Critics and fans alike have been wondering how Roseanne Barr’s real-life political beliefs—she’s been a vocal Trump supporter, if you didn’t know—would influence the revival of her popular ABC sitcom. Network president Channing Dungey has said that the tweeter in chief’s name wouldn’t be uttered at all in the 10th season of Roseanne, which premieres March 27. But the show will still address “some of the topics that are in conversation today”—just not the rotting pumpkin who spends his “executive time” diddling his nuclear button.

Despite all insistence to the contrary, reporters at the Television Critics Association winter press tour still inquired about the role Trump will play in the show, given the political schism that makes up part of the story. There was a lot of deflection from the panelists, including cast members Sara Gilbert and co-EPs Bruce Helford and Whitney Cummings, who preferred to talk about pressing forward instead of looking back at the 2016 presidential election. Soraya Nadia McDonald, culture writer for The Undefeated, posed a question to Barr about reconciling the anti-racism message espoused in the season 7 episode, “White Men Can’t Kiss,” with her character’s support for a known racist and xenophobe.


“That’s your opinion,” Barr replied, to which the journalist responded by reminding the writer-producer-actor of Trump’s infamous “Mexicans are rapists” campaign line. Barr kind of shrugged and said Trump has said “all kinds of crazy things,” but she ultimately denied being any kind of apologist for the president.
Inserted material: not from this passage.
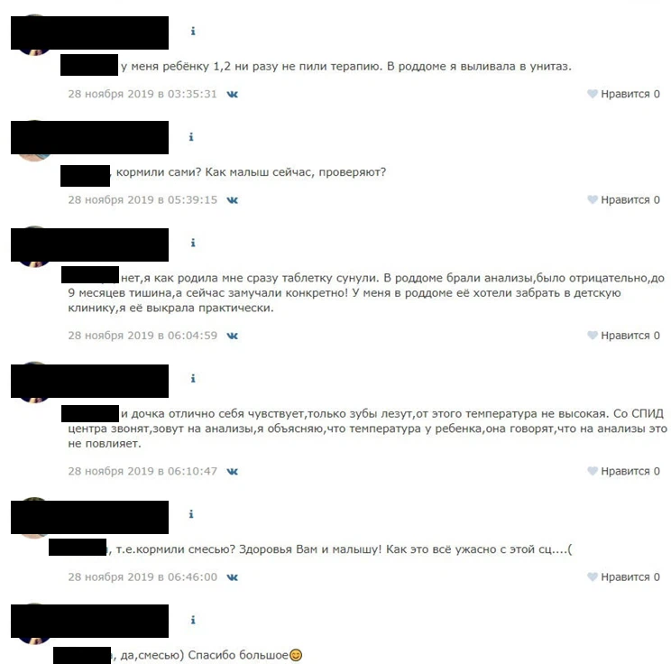 «У меня ребенку 1,2 [года], ни разу не пили [антиретровирусную] терапию. В роддоме я выливала в унитаз. <…> Как родила, сразу таблетки сунули. <…>

Of course, she soon followed that up by citing the black [and Hispanic, according to PolitiFact] unemployment rate that the Trump children are patting Daddy on the back for on Twitter, despite the fact that many experts agree that we can’t credit any one person for that figure.

Sensing she might not have made her case, Barr said she wanted to share one more thing before the panel was over, which led to a beleaguered network rep asking “Are you sure?” At that time, Barr spoke of picking between the lesser of two evils, and explained that she couldn’t bring herself to vote for Hillary Clinton “because of Haiti.”

As the panel gave way to Ryan Seacrest and the American Idol revival, Barr shifted to a more conciliatory tone: “I think it’s time to close ranks, and I would really like to see an end to ‘hate-triotism’ in this country.”